#### Working data
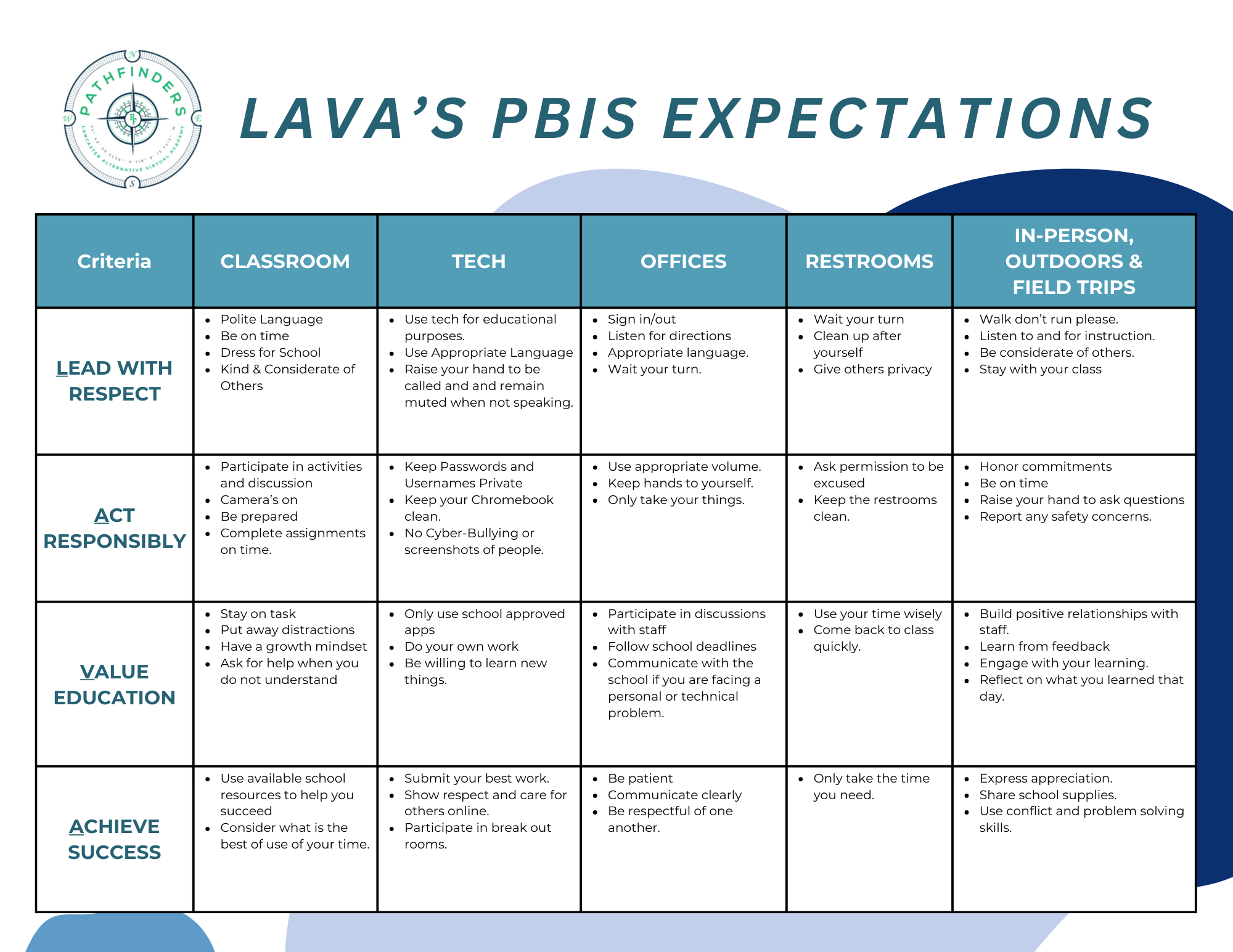 LAVA PBIS Expectation 25-26
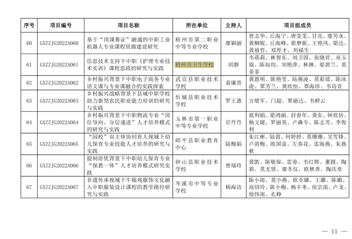 为进一步深化教育教学改革,加强内涵建设,提升教师教育教学研究水平,提高人才培养质量,我教学部积极申报2022年广西职业教育教学改革研究项目,获重点立项1项,一般立项2项。
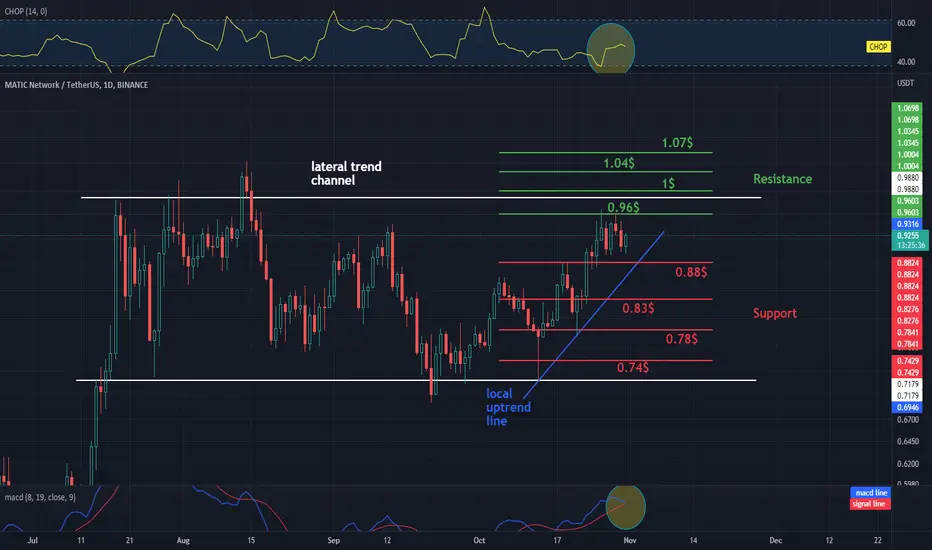 Hello everyone, let's take a look at the MATIC to USDT chart on the 1D interval. As you can see, the price moves in the sideways channel and locally above the uptrend line.
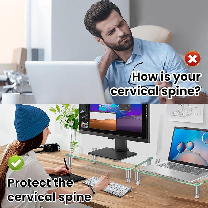 - ✅Ergonomic Viewing Position: The glass monitor stand risers includes 2 pack, unit size is 15(L) x 9.458(W) x 3.75(H) inch, clearance size between legs is 15(L) x9.45(W) x 3.75(H) inch; Legs height can get better viewing position, and help to reduce the neck and back strain.
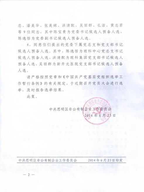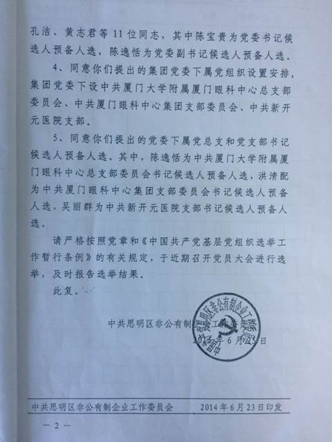 根据中共中央关于加强“非公党建” 的要求和厦门眼科集团的发展需要,中共思明区非公有制企业工作委员会于2014年同意成立中共厦门市眼科中心集团委员会(后更名为中共易游体育集团委员会)。
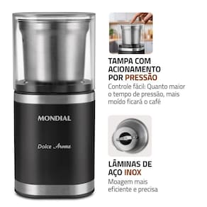 O Moedor de Café Mondial MCF-01-BI vai deixar seu café ainda mais delicioso! Com capacidade de 60g, é possível moer o café na hora, mantendo frescor, aroma e sabor irresistíveis seja para uma xícara ou para maiores quantidades.
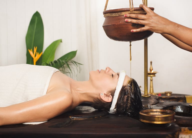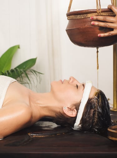 Shirodhara ist eine traditionelle ayurvedische Behandlung, bei der ein sanfter, kontinuierlicher Strom von warmem Kräuteröl auf die Stirn fließt. Diese beruhigende Behandlung wirkt tief entspannend auf das Nervensystem und bringt Geist und Emotionen ins Gleichgewicht. Sie ist besonders wirksam bei Stress, Schlafstörungen, geistiger Erschöpfung und innerer Unruhe. Der gleichmäßige Ölfluss aktiviert das dritte Auge (Ajna-Chakra) und fördert Klarheit sowie inneren Frieden. Shirodhara vermittelt ein Gefühl tiefer Gelassenheit und mentaler Frische – wie ein Reset für Körper und Seele.
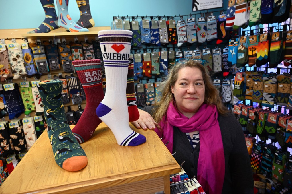 McKeagney, 53, who bought the store from original owner Lori Dorr last year, has worked at The Sock Shack since 2017. She credits her staff of six “enthusiastic, fun and smart” employees with much of the shop’s success. But it’s seeing the sheer volume of socks and colors that brings people in from the street.
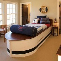 Today on sites and in furniture supermarkets there is an extensive selection of children's furniture on this subject. Folding sofas "Dream", "Wave", "Boat", "Boat", etc. Models of beds are not inferior, ranging from bunk, as in this cabin, ending with models in the form of a boat lost in the ocean.
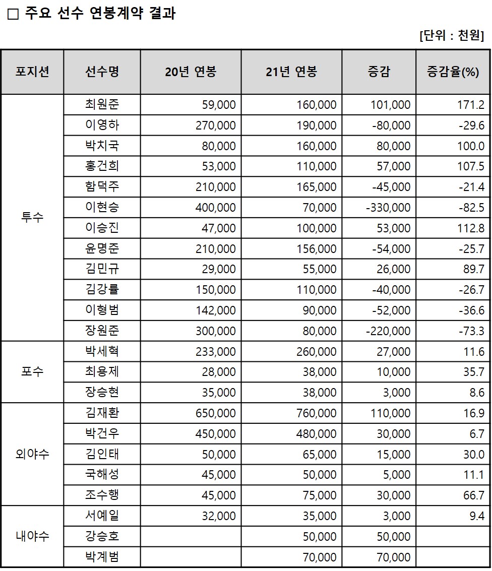 2021년 두산베어스 선수단 전체 연봉이 확정 되었네요.
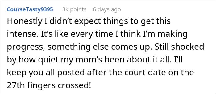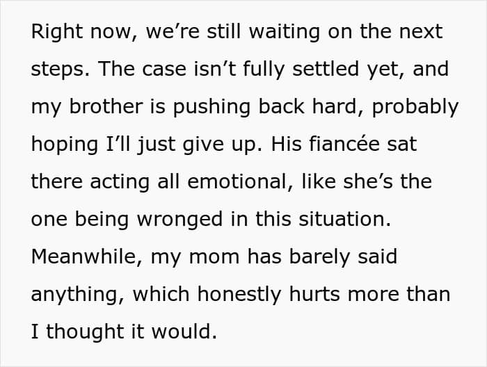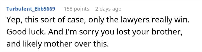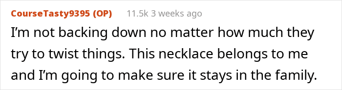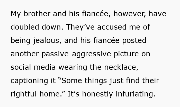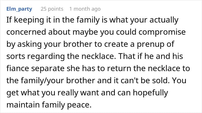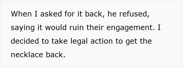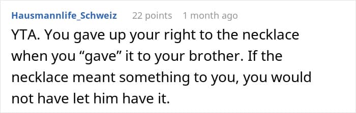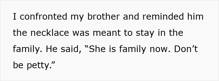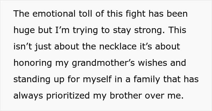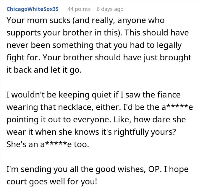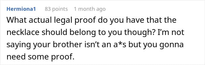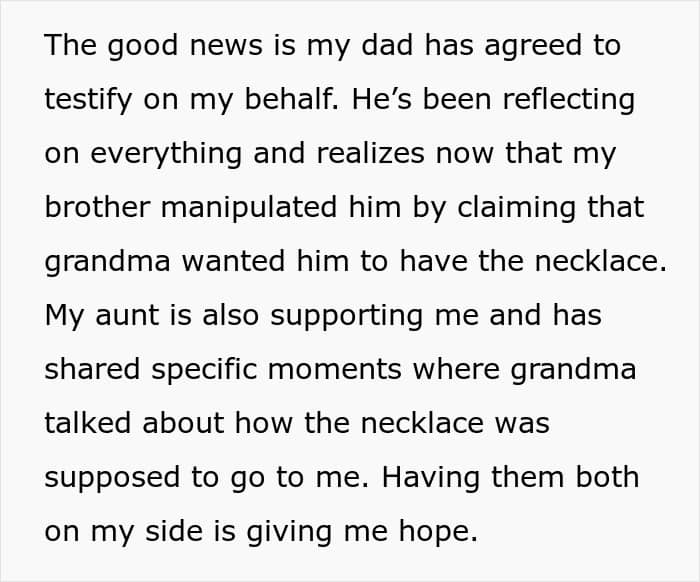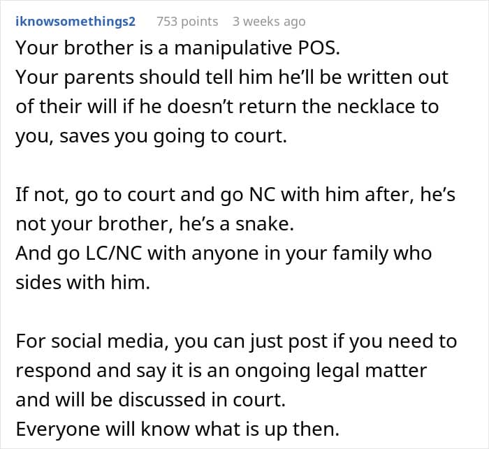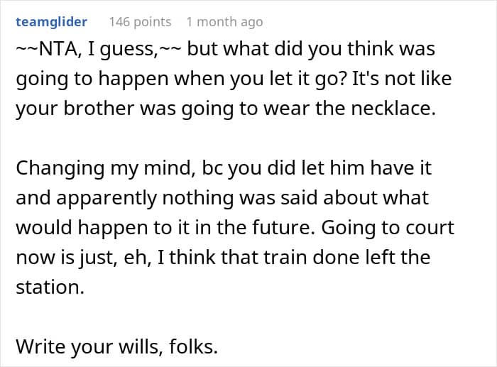 This is perhaps why, in one of the updates (the story continues below) the mom suggests dropping the entire thing. After all, at the end of this no matter who “wins,” the court decision, it will be a long-standing family issue for years to come. This means that it is seriously worth considering if the value of the necklace is more than the “value” of a relationship with one’s brother.
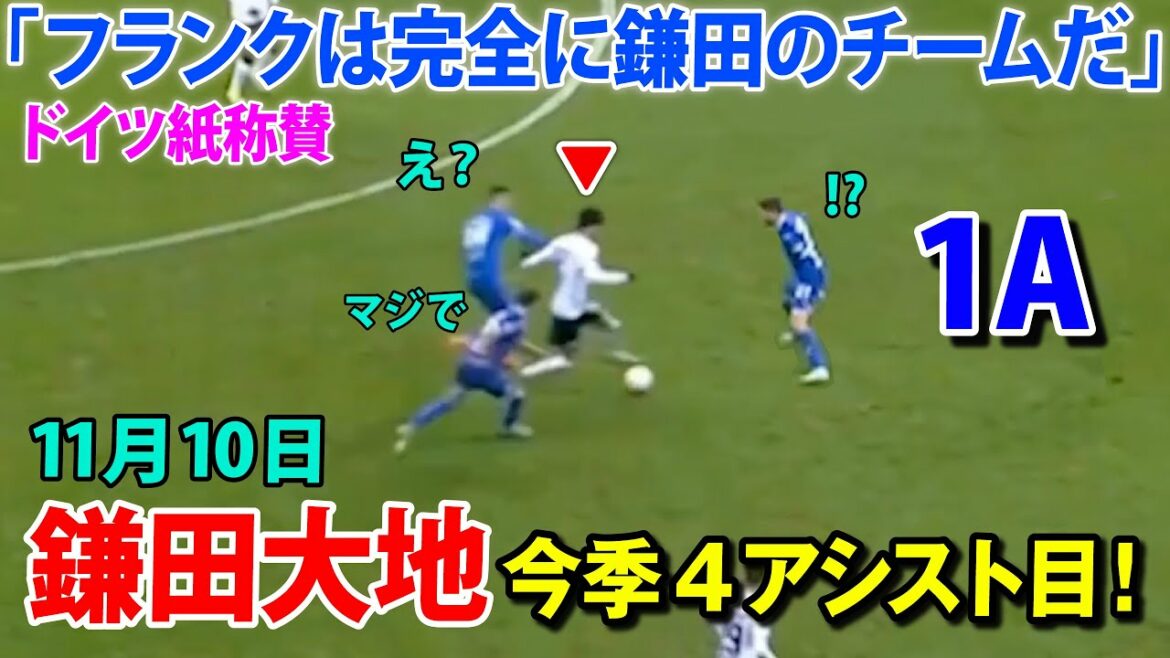 鎌田大地、今季4アシスト目!「フランクフルトは完全に鎌田のチームだ」ドイツ紙称賛!日本代表でも期待!11月10日
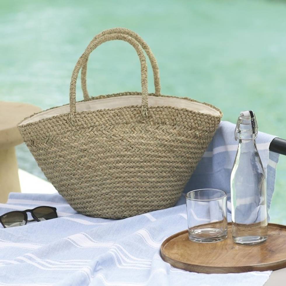 Handmade Natural Fiber Tote Handbag from Bali 'Natural Style' Item ID: 2671737068
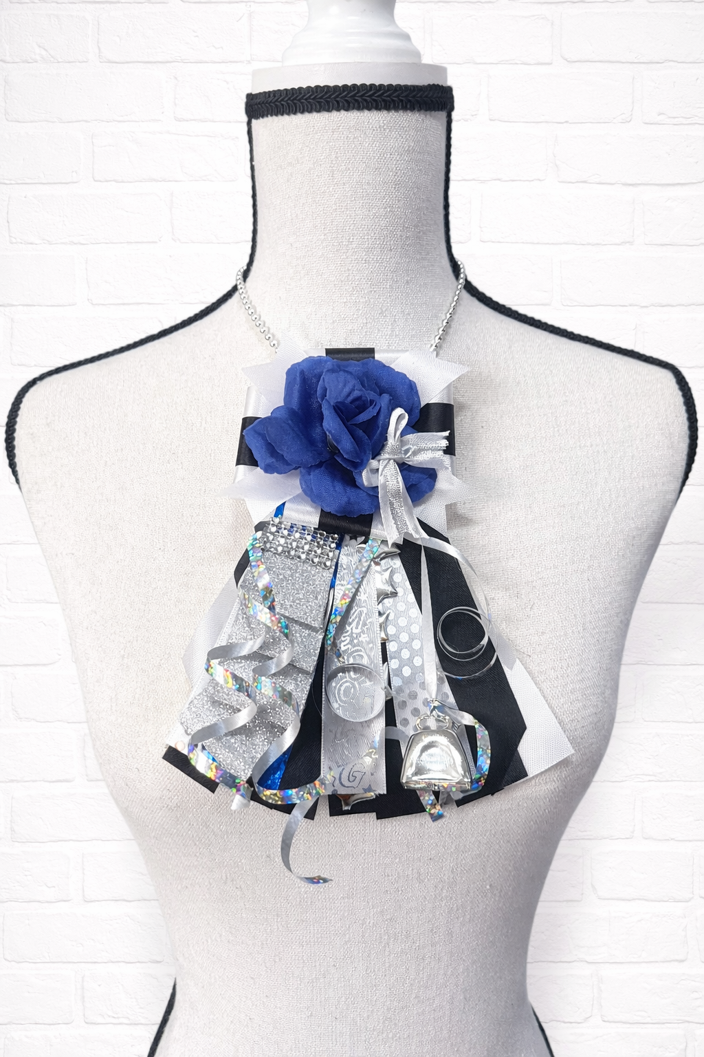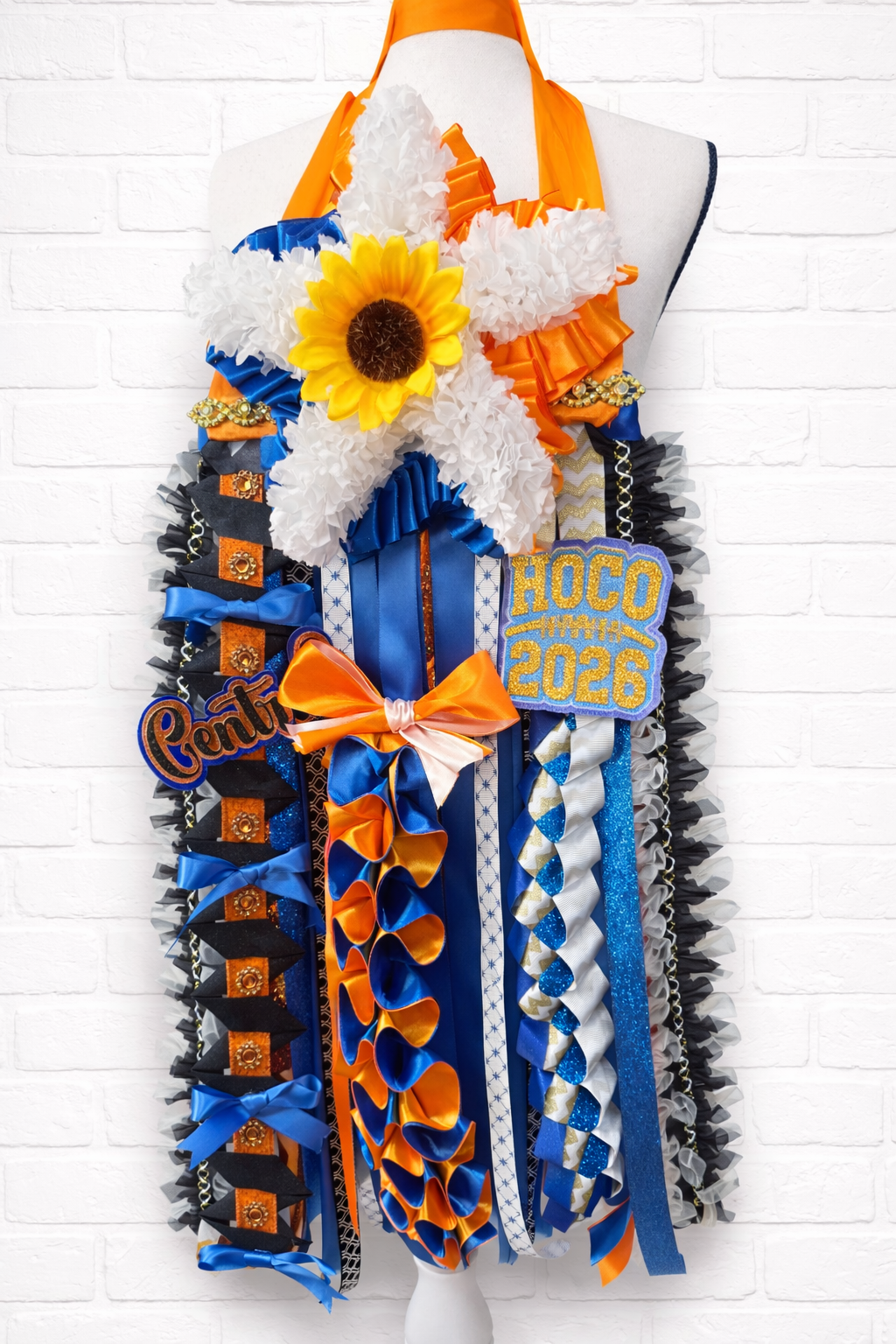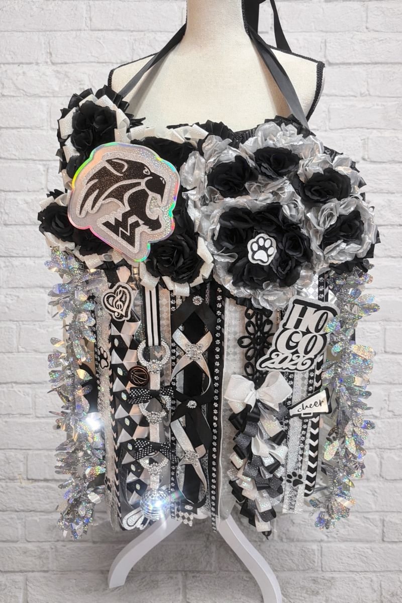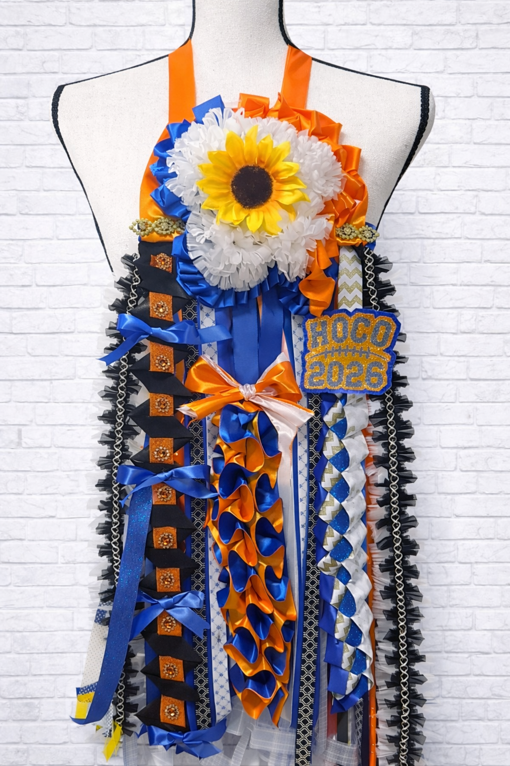 The “Zelda”-$275 Sash Mum (Sash comes across chest and stops at waist where the mum will begin: so ribbons will be roughly 18-20 in/ mum at waist (2) 7-9 in flowers. Includes 4 specialty braids and extra mum flowers across the sash (3-4 in flowers), 4 custom cutouts, Feather Boa or non-feather boa, up to 2 name cutouts , mascot cutout, "Class of __" for flowers on sash, 4 bells, plush, and lights in the sash and/or mum head.
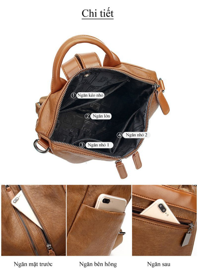 - + Kết cấu : Gồm 1 ngăn lớn, 5 ngăn nhỏ, có thể bỏ nhiều vật dụng v.v...(có lỗ khóa dành cho dây phone)

#### Aim of the exercise
Could you retype every record above exactly, leaving the pictures out?

#### Response area
 LAVA PBIS Expectation 25-26
 为进一步深化教育教学改革,加强内涵建设,提升教师教育教学研究水平,提高人才培养质量,我教学部积极申报2022年广西职业教育教学改革研究项目,获重点立项1项,一般立项2项。
 Hello everyone, let's take a look at the MATIC to USDT chart on the 1D interval. As you can see, the price moves in the sideways channel and locally above the uptrend line.
 - ✅Ergonomic Viewing Position: The glass monitor stand risers includes 2 pack, unit size is 15(L) x 9.458(W) x 3.75(H) inch, clearance size between legs is 15(L) x9.45(W) x 3.75(H) inch; Legs height can get better viewing position, and help to reduce the neck and back strain.
 根据中共中央关于加强“非公党建” 的要求和厦门眼科集团的发展需要,中共思明区非公有制企业工作委员会于2014年同意成立中共厦门市眼科中心集团委员会(后更名为中共易游体育集团委员会)。
 O Moedor de Café Mondial MCF-01-BI vai deixar seu café ainda mais delicioso! Com capacidade de 60g, é possível moer o café na hora, mantendo frescor, aroma e sabor irresistíveis seja para uma xícara ou para maiores quantidades.
 Shirodhara ist eine traditionelle ayurvedische Behandlung, bei der ein sanfter, kontinuierlicher Strom von warmem Kräuteröl auf die Stirn fließt. Diese beruhigende Behandlung wirkt tief entspannend auf das Nervensystem und bringt Geist und Emotionen ins Gleichgewicht. Sie ist besonders wirksam bei Stress, Schlafstörungen, geistiger Erschöpfung und innerer Unruhe. Der gleichmäßige Ölfluss aktiviert das dritte Auge (Ajna-Chakra) und fördert Klarheit sowie inneren Frieden. Shirodhara vermittelt ein Gefühl tiefer Gelassenheit und mentaler Frische – wie ein Reset für Körper und Seele.
 McKeagney, 53, who bought the store from original owner Lori Dorr last year, has worked at The Sock Shack since 2017. She credits her staff of six “enthusiastic, fun and smart” employees with much of the shop’s success. But it’s seeing the sheer volume of socks and colors that brings people in from the street.
 Today on sites and in furniture supermarkets there is an extensive selection of children's furniture on this subject. Folding sofas "Dream", "Wave", "Boat", "Boat", etc. Models of beds are not inferior, ranging from bunk, as in this cabin, ending with models in the form of a boat lost in the ocean.
 2021년 두산베어스 선수단 전체 연봉이 확정 되었네요.
 This is perhaps why, in one of the updates (the story continues below) the mom suggests dropping the entire thing. After all, at the end of this no matter who “wins,” the court decision, it will be a long-standing family issue for years to come. This means that it is seriously worth considering if the value of the necklace is more than the “value” of a relationship with one’s brother.
 鎌田大地、今季4アシスト目!「フランクフルトは完全に鎌田のチームだ」ドイツ紙称賛!日本代表でも期待!11月10日
 Handmade Natural Fiber Tote Handbag from Bali 'Natural Style' Item ID: 2671737068
 The “Zelda”-$275 Sash Mum (Sash comes across chest and stops at waist where the mum will begin: so ribbons will be roughly 18-20 in/ mum at waist (2) 7-9 in flowers. Includes 4 specialty braids and extra mum flowers across the sash (3-4 in flowers), 4 custom cutouts, Feather Boa or non-feather boa, up to 2 name cutouts , mascot cutout, "Class of __" for flowers on sash, 4 bells, plush, and lights in the sash and/or mum head.
 - + Kết cấu : Gồm 1 ngăn lớn, 5 ngăn nhỏ, có thể bỏ nhiều vật dụng v.v...(có lỗ khóa dành cho dây phone)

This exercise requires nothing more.